◆ Task brief
Line by line, set down all the data below exactly, omitting any picture.

(Data excerpts)
**********

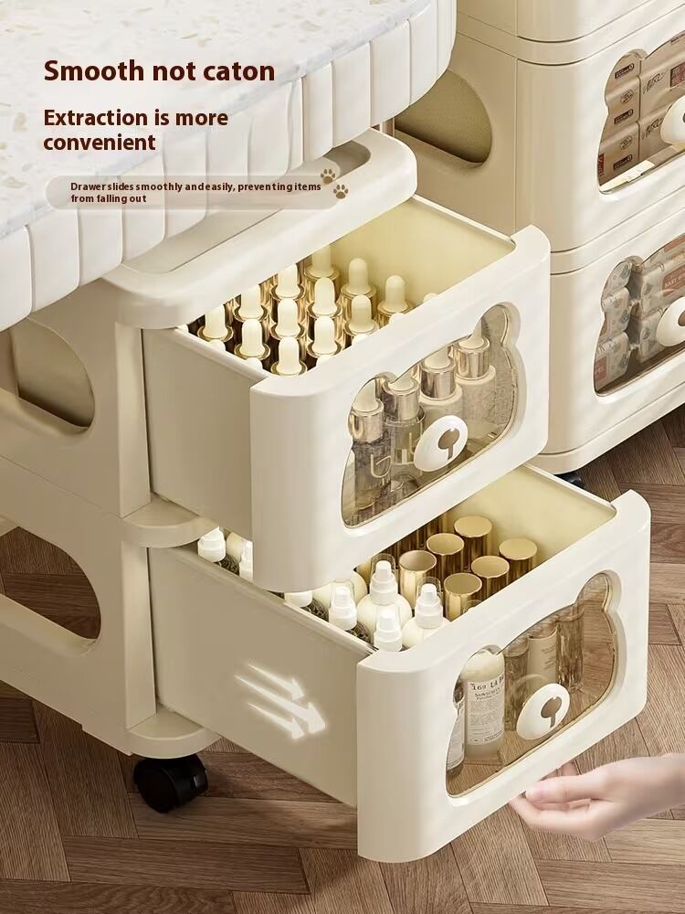 チェスト キャビネット クマの顔の窓 引き出し2段 キャスターワゴン 可愛い おしゃれ インテリア 北欧 収納 中身が見える クリーム色 プラスチック 30.2×35×48.3cm
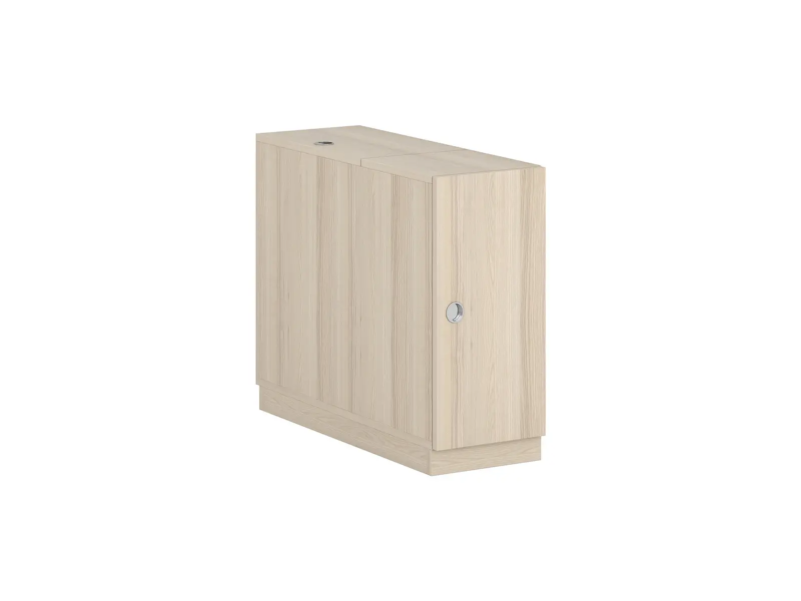 Тумба имеет два отделения. Спереди за распашной дверцей расположено отделение с полкой. В верхней части расположено вместительное отделение для хранения белья. Тумба комбинируется с кроватью односпальной Uno 900.
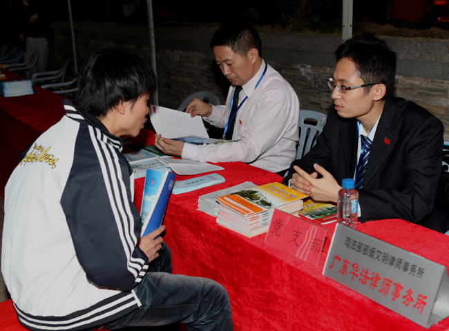 启动仪式还设有法律咨询、法律援助等服务。华法律师所党支部和华法(高明)律师所党支部由行政部部长龙小蓓、党支部专职副书记霍彦冬以及高明分所的律师党员组成律师党员创先争优服务岗,现场为群众提供免费法律咨询,现场解答驻地群众的法律问题,受到群众的热烈欢迎。
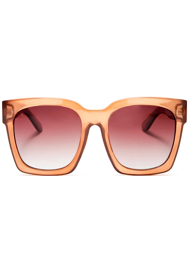 The Anonymous Sunglasses from Dime Optics are the way to make a statement. These classically cool festival rave sunglasses feature an oversized square clear taupe frame, polarized brown fade lenses, dime. brand logo on the stems and X etched right lense. With these cute sunglasses, you’ll be the center of attention!
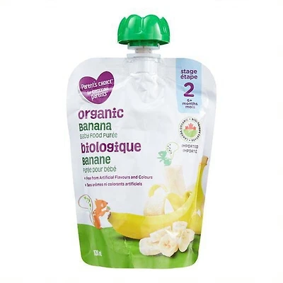 Parent’s Choice Organic Banana Baby Food Purée, 128 ml
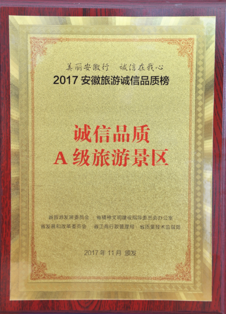 据了解,此次评选活动是由省旅游局、省文明办、省发改委、省工商局、省质监局主办,各地市旅游局及旅游协会协办的一次全省性的安徽旅游诚信品质评选推荐活动。旨在激励全行业不断“比学赶超”,向先进“看齐”,向品牌”靠拢”,全面树立安徽旅游“诚信+品质”的整体形象。经过长达4个月的选拔,2017年11月11日,以“美丽安徽行,诚信在我心”为主题2017年安徽旅游诚信品质榜暨安徽旅游诚信日发布榜单,淮北市南湖景区被评为“安徽旅游诚信品质A级旅游景区”。
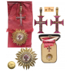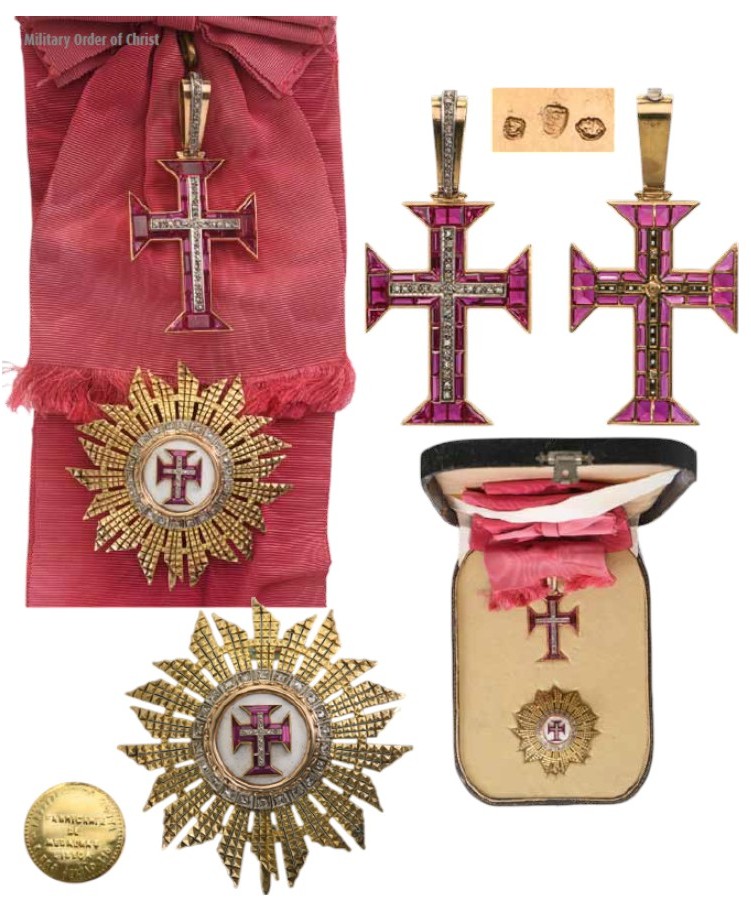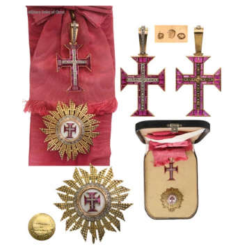 A jewelled set of the Order: Sash Badge in Gold, profusely set with red stones, centered by Christ’s Cross in silver, set with diamonds; short, upper loop and tapering suspension ring, its obverse face enriched with briliants The reverse, struck with three Portuguese marks; with original, silk, full length sash; breast star with chiseled rays in gold; white enameled centre medallion with the order’s cross in gold, set with red stones and brilliants, within moulded and beaded border in gold, the whole surrounded by an outer circlet set with 22 brilliants; smooth reverse, the counter-medallion bearing the embosses escutcheon of the maker, Da Costa, Lisbon and fitted with vertical pin; in the original leather case of issue, with fitted inner compartment.
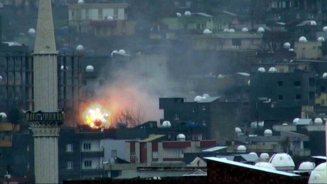 Başak Mahallesindeki meydanı teröristlerden temizleyen ve binalarda tek tek arama yapan güvenlik güçleri, tuzaklanan patlayıcıları imha ediyor. -
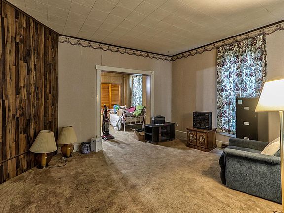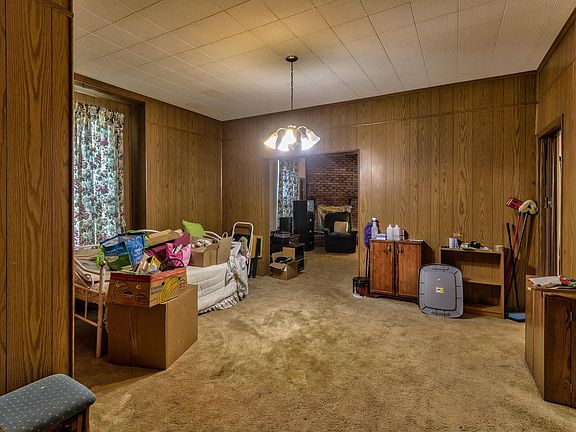 Welcome to this charming 2 bedroom, 1 bathroom home located in Boonville, IN. As you step inside, you are greeted by an enclosed porch, perfect for enjoying your morning coffee or relaxing in the evenings. Through the front door, you will find yourself in the spacious living room, featuring carpeting, tall ceilings, and a beautiful brick fireplace that adds a touch of warmth and character to the space. This is the perfect spot to gather with family and friends or cozy up during the colder months. Adjacent to the living room is the generously sized dining room, also adorned with carpeting, providing ample space for hosting dinner parties or enjoying everyday meals. The dining room seamlessly flows into the kitchen, which offers plenty of cabinet space to store all your culinary essentials. The two bedrooms in this home each boast carpeting, large windows that allow natural light to flood the rooms, and ample closet storage to keep your belongings organized and easily accessible. Conveniently located off the kitchen, you will find the laundry room and a full-sized bathroom, offering both functionality and convenience for your day-to-day needs. As you step outside, you'll discover a backyard with plenty of parking options. The large driveway, detached 2-car garage, and extra carport provide ample space for multiple vehicles, ensuring you and your guests never have to worry about parking.
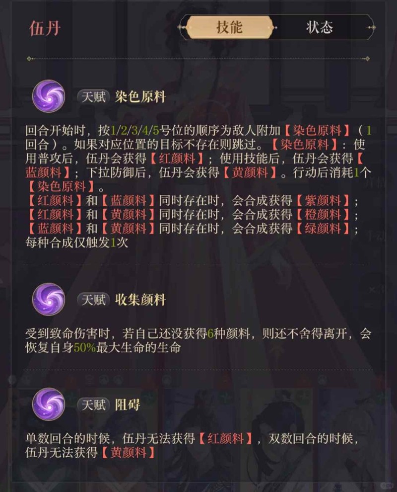 每回合身上带有的密探行动会获得对应颜色的颜料,没有顺序要求,收集六色颜料后才能击败伍丹
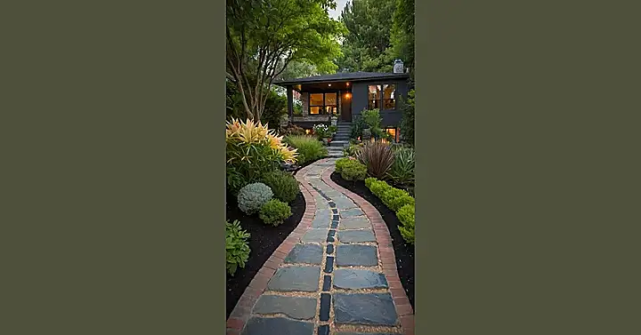 This picture shows a super cool home garden, perfect for a Canadian dream! Imagine strolling along that winding stone pathway, maybe even while sipping some hot chocolate on a crisp autumn evening. The mix of colours and plants creates a cozy vibe, and that house? It’s giving major ‘cabin in the woods’ but with all the modern comforts. It just screams relaxing after a long day of hockey practice or studying for that big math test.
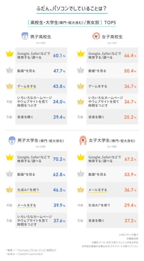 普段パソコンでしていることは、高校生・大学生ともに「検索」がトップ、次いで「動画を見る」が続いた。また男子大学生は「生成AIを使う」が高めの結果となった。
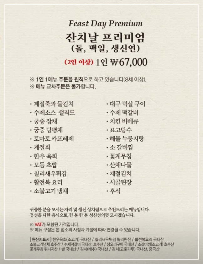 3. "잔칫날 프리미엄" 코스 구성 (1인 67,000원)

**********

◆ Task result
 チェスト キャビネット クマの顔の窓 引き出し2段 キャスターワゴン 可愛い おしゃれ インテリア 北欧 収納 中身が見える クリーム色 プラスチック 30.2×35×48.3cm
 Тумба имеет два отделения. Спереди за распашной дверцей расположено отделение с полкой. В верхней части расположено вместительное отделение для хранения белья. Тумба комбинируется с кроватью односпальной Uno 900.
 启动仪式还设有法律咨询、法律援助等服务。华法律师所党支部和华法(高明)律师所党支部由行政部部长龙小蓓、党支部专职副书记霍彦冬以及高明分所的律师党员组成律师党员创先争优服务岗,现场为群众提供免费法律咨询,现场解答驻地群众的法律问题,受到群众的热烈欢迎。
 The Anonymous Sunglasses from Dime Optics are the way to make a statement. These classically cool festival rave sunglasses feature an oversized square clear taupe frame, polarized brown fade lenses, dime. brand logo on the stems and X etched right lense. With these cute sunglasses, you’ll be the center of attention!
 Parent’s Choice Organic Banana Baby Food Purée, 128 ml
 据了解,此次评选活动是由省旅游局、省文明办、省发改委、省工商局、省质监局主办,各地市旅游局及旅游协会协办的一次全省性的安徽旅游诚信品质评选推荐活动。旨在激励全行业不断“比学赶超”,向先进“看齐”,向品牌”靠拢”,全面树立安徽旅游“诚信+品质”的整体形象。经过长达4个月的选拔,2017年11月11日,以“美丽安徽行,诚信在我心”为主题2017年安徽旅游诚信品质榜暨安徽旅游诚信日发布榜单,淮北市南湖景区被评为“安徽旅游诚信品质A级旅游景区”。
 A jewelled set of the Order: Sash Badge in Gold, profusely set with red stones, centered by Christ’s Cross in silver, set with diamonds; short, upper loop and tapering suspension ring, its obverse face enriched with briliants The reverse, struck with three Portuguese marks; with original, silk, full length sash; breast star with chiseled rays in gold; white enameled centre medallion with the order’s cross in gold, set with red stones and brilliants, within moulded and beaded border in gold, the whole surrounded by an outer circlet set with 22 brilliants; smooth reverse, the counter-medallion bearing the embosses escutcheon of the maker, Da Costa, Lisbon and fitted with vertical pin; in the original leather case of issue, with fitted inner compartment.
 Başak Mahallesindeki meydanı teröristlerden temizleyen ve binalarda tek tek arama yapan güvenlik güçleri, tuzaklanan patlayıcıları imha ediyor. -
 Welcome to this charming 2 bedroom, 1 bathroom home located in Boonville, IN. As you step inside, you are greeted by an enclosed porch, perfect for enjoying your morning coffee or relaxing in the evenings. Through the front door, you will find yourself in the spacious living room, featuring carpeting, tall ceilings, and a beautiful brick fireplace that adds a touch of warmth and character to the space. This is the perfect spot to gather with family and friends or cozy up during the colder months. Adjacent to the living room is the generously sized dining room, also adorned with carpeting, providing ample space for hosting dinner parties or enjoying everyday meals. The dining room seamlessly flows into the kitchen, which offers plenty of cabinet space to store all your culinary essentials. The two bedrooms in this home each boast carpeting, large windows that allow natural light to flood the rooms, and ample closet storage to keep your belongings organized and easily accessible. Conveniently located off the kitchen, you will find the laundry room and a full-sized bathroom, offering both functionality and convenience for your day-to-day needs. As you step outside, you'll discover a backyard with plenty of parking options. The large driveway, detached 2-car garage, and extra carport provide ample space for multiple vehicles, ensuring you and your guests never have to worry about parking.
 每回合身上带有的密探行动会获得对应颜色的颜料,没有顺序要求,收集六色颜料后才能击败伍丹
 This picture shows a super cool home garden, perfect for a Canadian dream! Imagine strolling along that winding stone pathway, maybe even while sipping some hot chocolate on a crisp autumn evening. The mix of colours and plants creates a cozy vibe, and that house? It’s giving major ‘cabin in the woods’ but with all the modern comforts. It just screams relaxing after a long day of hockey practice or studying for that big math test.
 普段パソコンでしていることは、高校生・大学生ともに「検索」がトップ、次いで「動画を見る」が続いた。また男子大学生は「生成AIを使う」が高めの結果となった。
 3. "잔칫날 프리미엄" 코스 구성 (1인 67,000원)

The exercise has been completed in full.